01 February 2009

On-line learning (2)

The on-line course is now getting going; there are 22 participants including me and several tutors, of whom two have so far made an appearance. Several initial impressions;
  • Every post is (at this stage) religiously responded to by the tutors. That really matters on-line. Frankly some of the responses are banal, but that is not the point. In class, I can nod, make eye-contact, smile, or note a key-word on a flip-chart. All such responses send "message received and (at least) valued", and they require no deliberate effort. Not so on-line; perhaps as the learning community grows (there are only about 4 contributors to date) the tutors will back off a little. If they don't, there is the danger of creating a "hub-and-spoke" pattern of communication which might inhibit direct "network" interaction between participants. I don't think that is very likely with mature, confident participants, but it could well happen with undergrads. (Of course, all this is my opinion and speculation--one of the things I am hoping to learn is whether or not it is well-founded.)
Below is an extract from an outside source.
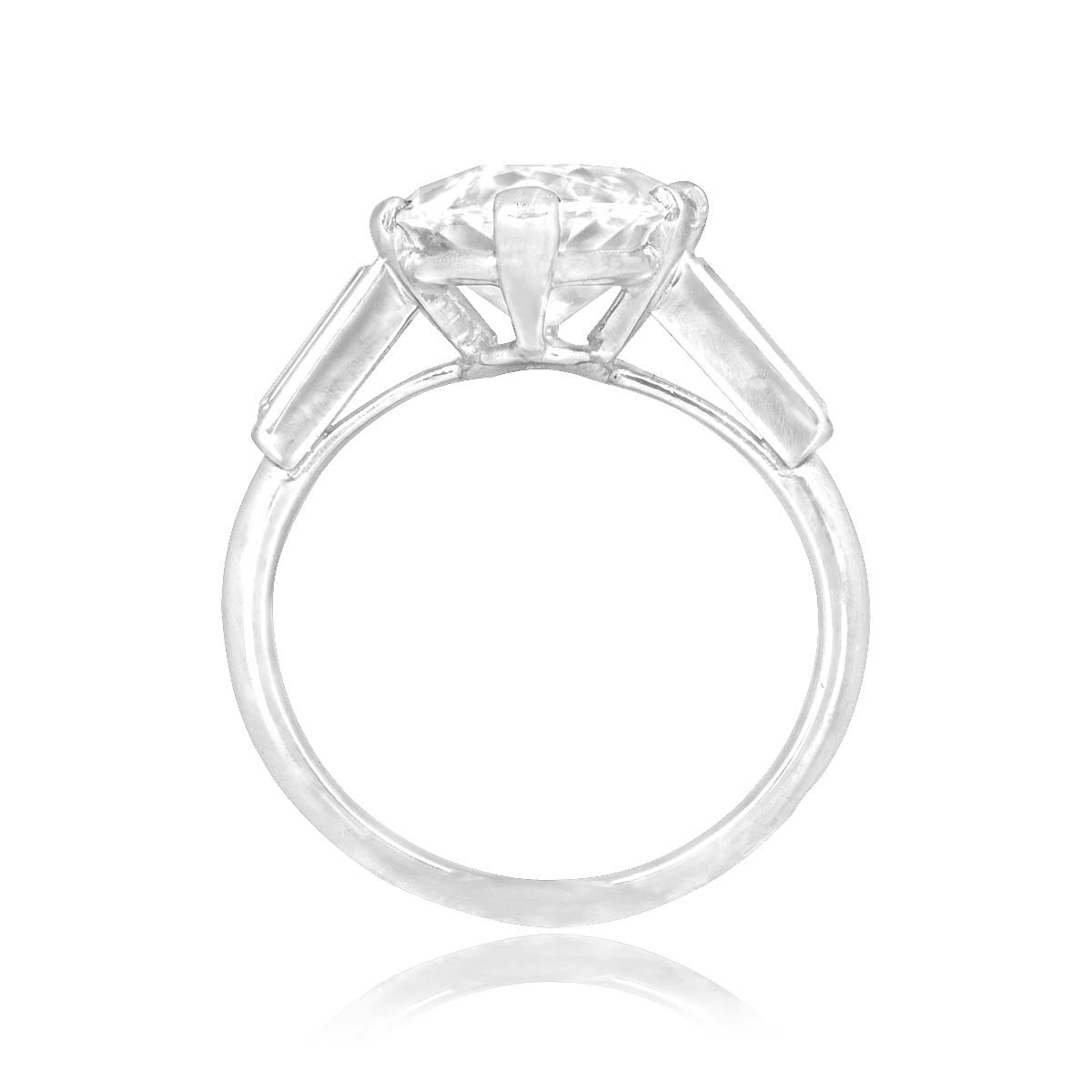A gorgeous vintage Cartier France platinum engagement ring featuring a GIA certified 4.97 carat antique marquise cut center diamond with an E color and VS1 clarity. Accenting the center diamond are two baguette shaped diamonds weighing a total of approximately 0.72 carats. This ring is signed and numbered Cartier, circa 1950.

  • I'm not exactly finding it difficult to navigate the site, but it is a little unnatural. The tutors have provided an excellent and comprehensive user guide/course orientation/study guide. I remember working with Steve Ryan and Bernard Scott in 1996 on my first "resource-based learning" course, and their emphasis on the Study Guide. I initiallly thought it rather patronising, but later learned how necessary it was. But it remains a really tricky job to "pitch" it just right. And my own ambivalence testifies to that. Part of the time I am irritated by the assertion of the plonkingly obvious, only to have to refer back to it because I have missed something...

  • ...but of necessity the course site is segmented into separate areas. Each week or assignment has its discussion board, there is a virtual coffee-bar (where participants are already unsure about what belongs and what should be elsewhere) and so on. In the real world---for better or for worse---we would move, slide, elide between these different conversations, without too much concern about what belonged where. Uh oh!...

  • ...The net does not do ambiguity! (sorry, folks, if this is self-indulgent, but the problem/necessity [?] of ambiguity in curriculum design has been a preoccupation of mine [and colleagues] for many years).
Enough for now.

1 Comments:

At 4:58 PM , Blogger Lou said...

Hi James

it's the third tutor here; )
I think your comments about the need to respond to every post is very interesting and I was reflecting about this myself this morning. As a tutor I find it very hard to post a response that I feel has nothing pertinant to say - although like yourself agree that it is vital, partiularly at the beginning of a course when no response (and no validation) could result in a participant not coming back.

Once the students gain confidence then it is much more rewarding to see people responding to each other in a more natural way, with less need for reassuring acknowledgments. So a point well made I think and hopefully we'll see that happening on this one - looking forward to reading your future reflections too and hope you don't mind me commenting.